- Input data:
○ ○ ○ ○

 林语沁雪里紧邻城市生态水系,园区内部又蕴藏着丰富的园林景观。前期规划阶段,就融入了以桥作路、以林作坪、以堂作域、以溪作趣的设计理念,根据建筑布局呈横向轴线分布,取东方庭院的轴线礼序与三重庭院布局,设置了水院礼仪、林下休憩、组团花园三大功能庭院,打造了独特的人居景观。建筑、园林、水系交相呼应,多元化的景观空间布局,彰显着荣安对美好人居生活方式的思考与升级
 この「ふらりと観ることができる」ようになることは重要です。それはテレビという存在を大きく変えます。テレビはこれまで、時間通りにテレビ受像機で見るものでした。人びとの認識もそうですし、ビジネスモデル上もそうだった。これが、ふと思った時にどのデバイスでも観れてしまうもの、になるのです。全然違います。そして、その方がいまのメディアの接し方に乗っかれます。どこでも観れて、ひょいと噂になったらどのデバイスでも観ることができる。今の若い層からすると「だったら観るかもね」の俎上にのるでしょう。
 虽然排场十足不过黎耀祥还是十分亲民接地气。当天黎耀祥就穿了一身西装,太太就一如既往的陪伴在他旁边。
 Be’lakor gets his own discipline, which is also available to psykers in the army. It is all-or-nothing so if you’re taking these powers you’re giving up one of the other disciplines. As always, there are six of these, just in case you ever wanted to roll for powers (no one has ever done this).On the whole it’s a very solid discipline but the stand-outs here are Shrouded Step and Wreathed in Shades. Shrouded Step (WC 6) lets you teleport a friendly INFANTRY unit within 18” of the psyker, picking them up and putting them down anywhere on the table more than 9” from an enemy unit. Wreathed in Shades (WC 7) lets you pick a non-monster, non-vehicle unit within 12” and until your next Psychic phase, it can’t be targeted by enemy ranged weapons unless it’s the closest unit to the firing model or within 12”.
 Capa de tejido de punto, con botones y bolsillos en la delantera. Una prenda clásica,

○ ○ ○ ○

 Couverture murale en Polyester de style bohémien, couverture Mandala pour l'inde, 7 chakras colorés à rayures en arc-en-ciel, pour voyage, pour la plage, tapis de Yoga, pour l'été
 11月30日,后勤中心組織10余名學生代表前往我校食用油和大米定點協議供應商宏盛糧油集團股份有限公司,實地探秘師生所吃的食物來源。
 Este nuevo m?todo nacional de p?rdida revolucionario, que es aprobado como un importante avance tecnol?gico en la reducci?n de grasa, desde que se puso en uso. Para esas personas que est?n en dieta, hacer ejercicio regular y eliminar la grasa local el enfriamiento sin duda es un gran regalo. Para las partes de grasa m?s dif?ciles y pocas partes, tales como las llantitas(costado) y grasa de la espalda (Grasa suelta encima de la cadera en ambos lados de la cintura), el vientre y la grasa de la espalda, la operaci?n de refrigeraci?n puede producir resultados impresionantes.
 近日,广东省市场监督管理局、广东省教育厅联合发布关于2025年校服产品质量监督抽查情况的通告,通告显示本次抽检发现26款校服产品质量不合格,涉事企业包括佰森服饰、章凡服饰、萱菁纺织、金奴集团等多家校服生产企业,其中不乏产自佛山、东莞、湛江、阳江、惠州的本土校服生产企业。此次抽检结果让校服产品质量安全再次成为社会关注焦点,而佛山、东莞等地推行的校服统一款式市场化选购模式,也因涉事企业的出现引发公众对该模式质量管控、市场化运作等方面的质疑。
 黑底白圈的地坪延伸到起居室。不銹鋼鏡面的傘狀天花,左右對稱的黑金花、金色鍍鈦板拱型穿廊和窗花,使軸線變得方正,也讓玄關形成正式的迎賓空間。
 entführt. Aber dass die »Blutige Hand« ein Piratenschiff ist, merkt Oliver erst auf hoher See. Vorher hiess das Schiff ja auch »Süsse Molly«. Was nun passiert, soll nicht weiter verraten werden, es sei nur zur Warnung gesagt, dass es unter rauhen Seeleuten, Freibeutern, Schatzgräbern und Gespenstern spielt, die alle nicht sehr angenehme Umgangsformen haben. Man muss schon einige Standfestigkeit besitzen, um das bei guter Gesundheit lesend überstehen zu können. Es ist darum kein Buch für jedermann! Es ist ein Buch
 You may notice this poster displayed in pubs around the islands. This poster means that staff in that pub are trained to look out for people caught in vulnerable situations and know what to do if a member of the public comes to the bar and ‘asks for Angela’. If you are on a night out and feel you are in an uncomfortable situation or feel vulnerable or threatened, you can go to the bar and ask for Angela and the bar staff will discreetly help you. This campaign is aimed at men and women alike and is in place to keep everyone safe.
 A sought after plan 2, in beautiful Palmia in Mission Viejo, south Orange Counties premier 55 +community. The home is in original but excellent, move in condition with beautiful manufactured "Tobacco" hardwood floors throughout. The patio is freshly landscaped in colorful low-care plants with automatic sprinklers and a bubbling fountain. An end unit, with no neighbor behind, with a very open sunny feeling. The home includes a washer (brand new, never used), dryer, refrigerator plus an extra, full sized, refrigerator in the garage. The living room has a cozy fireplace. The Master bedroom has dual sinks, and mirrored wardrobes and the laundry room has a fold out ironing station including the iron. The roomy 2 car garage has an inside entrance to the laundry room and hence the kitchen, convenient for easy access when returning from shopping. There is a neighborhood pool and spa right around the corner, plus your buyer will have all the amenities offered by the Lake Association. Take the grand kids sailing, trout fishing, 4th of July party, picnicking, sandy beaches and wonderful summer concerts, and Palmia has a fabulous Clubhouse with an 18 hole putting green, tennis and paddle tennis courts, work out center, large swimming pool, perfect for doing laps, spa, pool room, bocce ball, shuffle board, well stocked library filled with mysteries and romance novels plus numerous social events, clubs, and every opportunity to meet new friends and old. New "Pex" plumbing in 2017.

○ ○ ○ ○

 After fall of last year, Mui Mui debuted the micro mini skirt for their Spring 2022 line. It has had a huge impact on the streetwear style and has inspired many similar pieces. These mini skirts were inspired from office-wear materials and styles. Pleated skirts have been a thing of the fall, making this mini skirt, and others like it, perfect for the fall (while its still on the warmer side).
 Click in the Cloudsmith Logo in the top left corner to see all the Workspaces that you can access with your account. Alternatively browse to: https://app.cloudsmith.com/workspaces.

○ ○ ○ ○

Retype word for word everything in the listing above from the line that holds "近日,广东省市场监督管理局、" down to the line that holds "黑底白圈的地坪延伸到起居室。". Keep both end lines and leave out the rest.

- Reply to the exercise:
 近日,广东省市场监督管理局、广东省教育厅联合发布关于2025年校服产品质量监督抽查情况的通告,通告显示本次抽检发现26款校服产品质量不合格,涉事企业包括佰森服饰、章凡服饰、萱菁纺织、金奴集团等多家校服生产企业,其中不乏产自佛山、东莞、湛江、阳江、惠州的本土校服生产企业。此次抽检结果让校服产品质量安全再次成为社会关注焦点,而佛山、东莞等地推行的校服统一款式市场化选购模式,也因涉事企业的出现引发公众对该模式质量管控、市场化运作等方面的质疑。
 黑底白圈的地坪延伸到起居室。不銹鋼鏡面的傘狀天花,左右對稱的黑金花、金色鍍鈦板拱型穿廊和窗花,使軸線變得方正,也讓玄關形成正式的迎賓空間。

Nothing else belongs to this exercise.